In the end Viktor Orbán didn’t, as he’d promised, celebrate Donald Trump’s win with “several bottles of champagne”. He was in Kyrgyzstan, he apologised, “where they have different traditions” – so it was vodka. But it was still a “fantastic result”.
“History has accelerated,” Orbán crowed at an EU summit in Budapest last week. “The world is going to change, and change in a quicker way than before. Obviously, it’s a great chance for Hungary to be in a close partnership and alliance with the US.”
Hungary’s illiberal prime minister – and the EU’s disrupter-in-chief, lauded by Trump as a “very great leader, a very strong man” – was not the only figure on Europe’s nationalist right to hail the president-elect’s larger-than-expected victory.
Geert Wilders, the Dutch anti-Muslim firebrand whose Freedom party finished first in last year’s elections and is the senior partner in the ruling coalition, also posted his congratulations, jubilantly urging Trump to “never stop, always keep fighting”.
Italy’s prime minister, Giorgia Meloni, commended a “historic friendship” which “will now grow even stronger”, while Alice Weidel of Alternative for Germany (AfD) hailed a defeat for “woke Hollywood”, adding that Trump “is a model for us”.
Europe’s fast-advancing far-right parties, in power in eight EU member states and knocking at the doors in more, have long seen in Trump a powerful ally who shares their populist, nation-first, conservative, Eurosceptic and immigration-hostile views.
But what can they actually expect to gain from Trump 2.0? For all their enthusiastic words, analysts and diplomats say, Europe’s mini-Trumps will probably not get much – and may even find themselves worse off. What’s more, some appear to realise it.
Certainly, there may be some political upside to basking in reflected Trumpian glory. “The coming Trump presidency will most probably embolden Europe’s far right and illiberal actors,” concluded experts at the Centre for European Reform thinktank.
“Trump will strengthen far-right parties not just by normalising and amplifying their ideas, but by boosting their electability.” His win legitimises their grievances and rubber-stamps their sovereigntist vision; history seems to be moving their way.
Besides Orbán, Meloni, Wilders and Weidel, Europe’s longstanding Trump admirers include Marine Le Pen of France’s National Rally (RN), Slovakia’s prime minister Robert Fico, Austrian far right leader Herbert Kickl and Serbia’s Aleksandar Vučić.
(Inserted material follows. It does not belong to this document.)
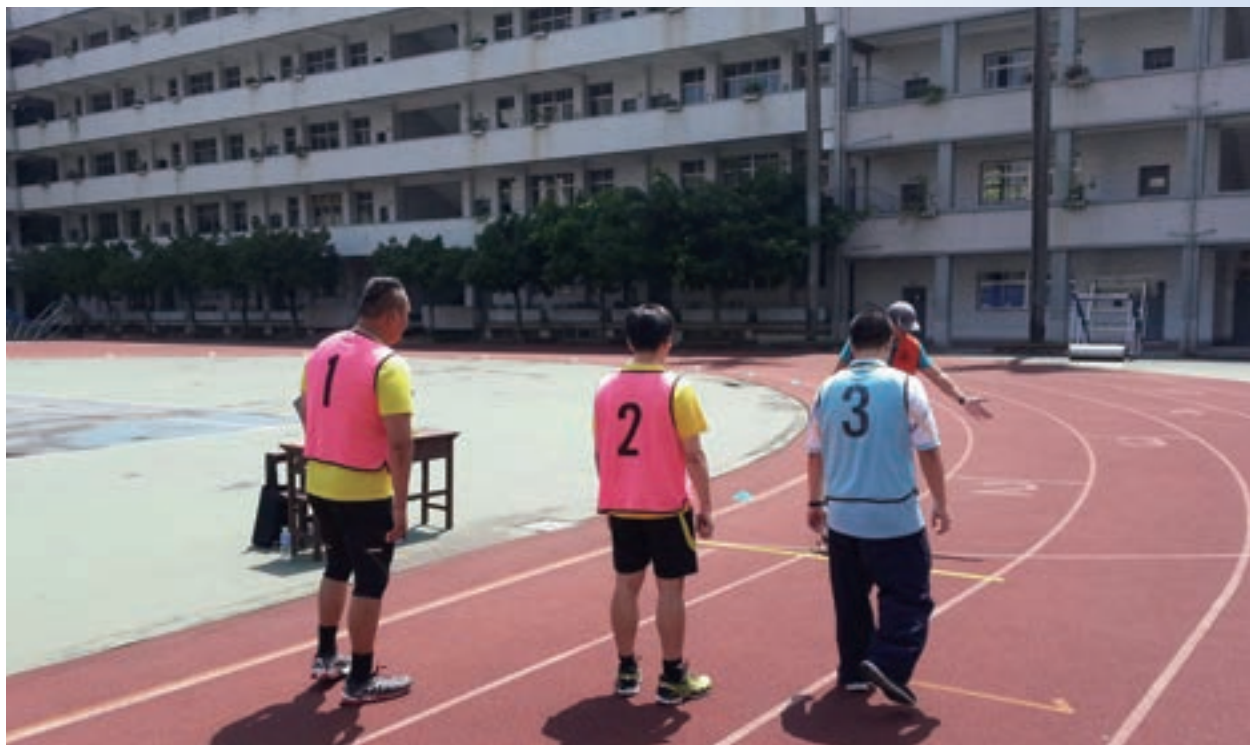
術科實作項目：跑步測試

電腦應試成績表單中呈現強弱分析，應考人可透過此分析，瞭解本身在專業上之強弱項目，未通過者亦可針對有待加強之處，訂定下次應試準備方向。另配合金融常識與職業道德 5 年期限展期規定，規劃系統性作業，方便應考人申請展期。

They may well be joined after elections next year by Andrej Babiš in the Czech Republic, and – with both France and Germany, the EU’s traditional powerhouse, weakened by domestic political crises – their influence is plainly on the rise.
Some experts argue selected European far-right leaders could be strengthened personally by Trump’s win: Meloni, for example, has put in the groundwork, praising his brand of politics as a model for Italy and regularly travelling to his rallies.
Common views on issues ranging from immigration to abortion, and her flourishing rapport with Elon Musk, could see her become Trump’s “main interlocutor in Europe”, said Lorenzo Castellani of Rome’s Luiss University.
Hungary’s foreign minister, Péter Szijjártó, expressed much the same ambition for Orbán. “We can have a good hope that Hungarian-American political cooperation will return to its peak form,” he said: Orbán and Trump have “similar thoughts”.
But the dynamics are a lot more complicated than that. While Europe’s far-right leaders may align comfortably with Trump in their hostility to immigration and international institutions, there are also significant differences.
Meloni’s staunch support for Nato and continued international aid to Ukraine in its struggle against Russia’s full-scale invasion, for example, will not be greeted with enthusiasm by the more isolationist voices in the incoming US administration.
Similarly, Orbán’s cosy “all-weather comprehensive strategic partnership” with China, which Hungary has welcomed with open arms as a key economic partner and foreign investor, is a long way from Trump’s aggressively hardline approach to Beijing.
As US Republican Mitch McConnell put it, “when Chinese state enterprise says jump, Hungarian officials ask how high”. Those words “caution against any guarantee of deeper [US-Hungary] collaboration”, foreign policy expert Zsuzsanna Szelényi said.
Trump’s promised America first trade policies could also prove complicated to negotiate for Europe’s far-right parties. As members of the EU’s single market, they could not respond individually to US-imposed tariffs and a likely trade war.
Le Pen’s lukewarm response to Trump’s second triumph – in marked contrast to her joy at his first in 2016, which she hailed even before he had officially won – reflects widespread concern over the consequences of Trump 2.0 for EU industry and jobs.
“Americans have freely chosen their president,” Le Pen said. “This new political era should contribute to the strengthening of bilateral relations and the pursuit of constructive dialogue and cooperation on the international stage.”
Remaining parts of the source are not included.